I suppose it's no surprise that I'm planning to direct this Western piece by using a stylized set.  I don't think it's an accident that my 1998 Romeo and Juliet production was the most stylized piece I've done.  It works for me.

Of course, it's awfully hard to pull off style, but if it works, it can be breathtaking.  I'm willing to take the chance that I'm going to fall flat on my face with this piece -- a good reason not to spend money

Rodriguez believes EVERYONE has several bad films in him, so you're best off shooting those before you go to film school, before you spend money.  I like that.

                          *     *     *

As I watched The Lone Ranger, I realized again why Westerns went out of style.  The show is about a team of crimefighters who solve crimes.  But the plots are predictable, and the production values are in the toilet. 

The radio show was far more successful.  Television simply couldn't match it -- a few simple sound effects, and you created a brilliant world in people's minds that film is now only beginning to create.

Today's crime fighting shows are much more interesting and relevant.  People can compare the complexity of CSI to their own lives much more easily -- the Republicans like to shout about how people in middle America have simple values, but that simply doesn't match the reality of people's lives.  Everyone has a dark side:  how many politicians who stand for family values turn out to have a dark side that shocks and horrifies the naive.

It's for that reason, I suspect, that a straight-up Western simply wouldn't be interesting anymore.  Taking out the bad guys with clean cheer, a horse, and a six gun simply isn't believeable anymore.

Thus, we're creating a Western show that isn't really about the old West at all.

Another example of a prop in The Lone Ranger that doesn't fit:  the black mask.  A black mask should symbolize secrets.  So why does Clayton Moore's lawman wear it?  He doesn't have another life to protect -- as he says to Old Joe's sister, his mask is simply fashion accessory.  Unless what he has to hide has nothing to do with crime.
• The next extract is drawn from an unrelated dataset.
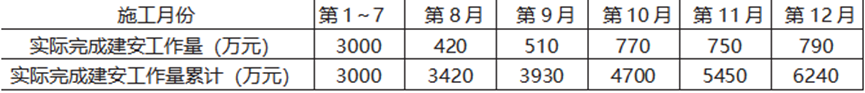 45.某工程项目合同总价为6240万元,工期12个月,竣工日期2002年10月30日,承包合同另外规定:(1)工程预付款为合同总价的25%;(2)工程预付款从未施工工程所需的主要材料及构配件价值相当于工程预付款时起扣,每月以抵充工程款的方式陆续收回。主要材料及构配件比重按60%考虑;(3)除设计变更和其他不可抗力因素外,合同总价不做调整;(4)材料和设备均由B承包商负责采购;(5)每月签发的付款最低金额是400万;(6)工程保修金为合同总价的5%,在工程结算时一次扣留,工程保修期为正常使用条件下,建筑工程法定的最低保修期限。经业主工程师代表签认的B承包商实际完成的建安工作量价款(第1月~第12月)见下表。

For a prop like the mask to work, it needs to be relevant.  And it isn't.  The only Batman films that have worked clearly play on the truly dark, secret life that the hero actively hides.

                          *     *     *

I wonder which direction film will go next?  The current generation seems influenced most by Quentin's obsession with game violence -- especially action grounded in the martial arts.

I know this much.  I found Sin City -- a child of Tarantino's ideals -- to be incredibly disturbing.  But its power could not be denied.  I'll never forget the impact of the film, because I was in the midst of writing this summer when I saw it, and it shut me down for two days while I wrestled with its ideas.

                          *     *     *

Several other books on my immediate reading list -- mostly film theory and practicum:  Rudolf Arnheim's Film as Art; Christina Metz's Film Language; Camille Landau and Tiare White's What They Don't Teach You At Film School; Sergei Eisenstein's Film Form; Renee Harmon's The Beginning Filmmaker's Guide to Directing; Karel Reisz and Gavin Millar's The Technique of Film Editing; and Bruce Block's The Visual Story.

For sheer pleasure, I'm also reading Gabriel Garcia Marquez's Love in the Time of Cholera, Frank McCourt's Teacher Man, and Stephen Chbosky's the perks of being a wallflower.

I finally finished Michael Chabon's The Amazing Adventures of Kevalier & Clay, but I had to first read Wonder Boys (I love the film) in order to get up the courage.